One day, Ayaan gets involved in a road accident, and regains consciousness in Heaven, where the gods Yamaduta and Chitragupta provide him a chance to send him back to Earth by asking him to play a game called Game of Life. There are two containers, one to be filled with white balls, which represent his positives, and the other with black balls, which represent his sins and weaknesses. The initial position for Ayaan is very tough as he starts off with a lot of black balls. Ayaan is shown to be jealous of his wife Ruhi as she's an inspector whereas Ayaan had failed to become an inspector. Chitragupta puts him in a scenario where he's an inspector tasked to save a hostage. However, his failure to do so shows him that the reality is that he couldn't have been a better inspector when compared to Ruhi. Ayaan is shown to be the one who believes in God but he still gets black balls because of his lack of humanity. 

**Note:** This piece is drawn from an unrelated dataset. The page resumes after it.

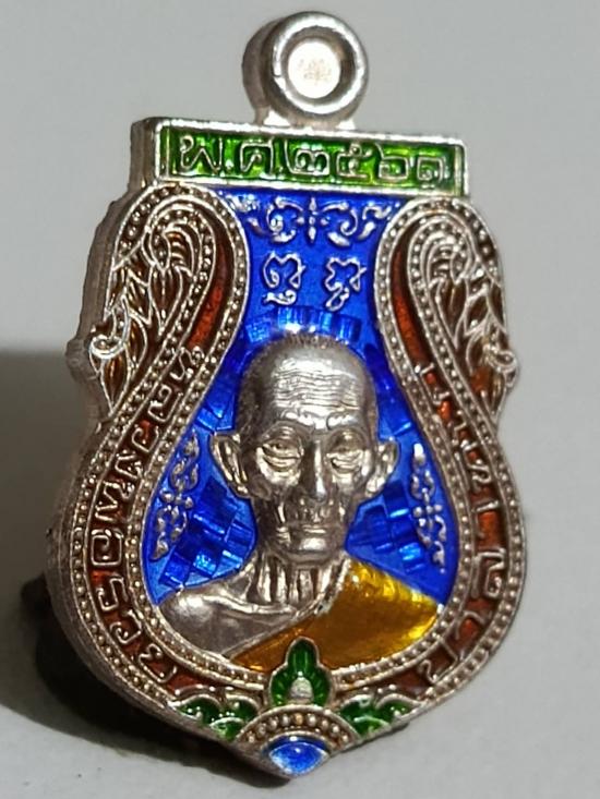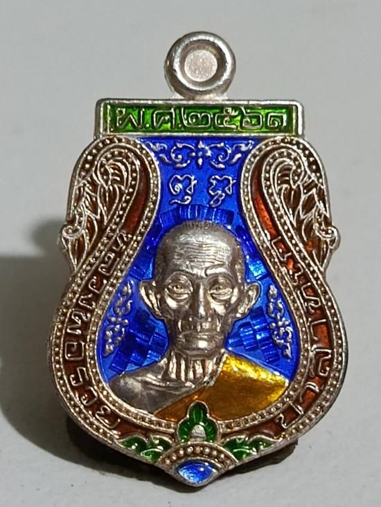 เหรียญ เสมาเล็ก [ เนื้อเงินลงยาแท้ ] รุ่นรวยมหาลาภ หลวงพ่อรวย วัดตะโก อยุธยา ปี 61 ตอกโค๊ตหมายเลข 92 |

Later on, the game changes when Ayaan finally gets white balls for controlling his anger. His challenges also include apologizing his elder sister for falsely blaming her during their childhood of the burning their father's house. In heaven, Ayaan gets beaten by his father due to which he apologizes to his sister. He wins by earning white balls due to which Chitragupta awards him a check of 18 crores for the sale of house, something that even Ayaan couldn't do. However, Chitragupta sees a tattoo of another woman on Ayaan's elbow, earning him many black balls. Chitragupta shows him reality, where  his wife and relatives were planning to buy him a new car after hearing that his car would be towed due to his bank loan. But the car which collided with Aayan's car was the new car that Ruhi bought for Ayaan. 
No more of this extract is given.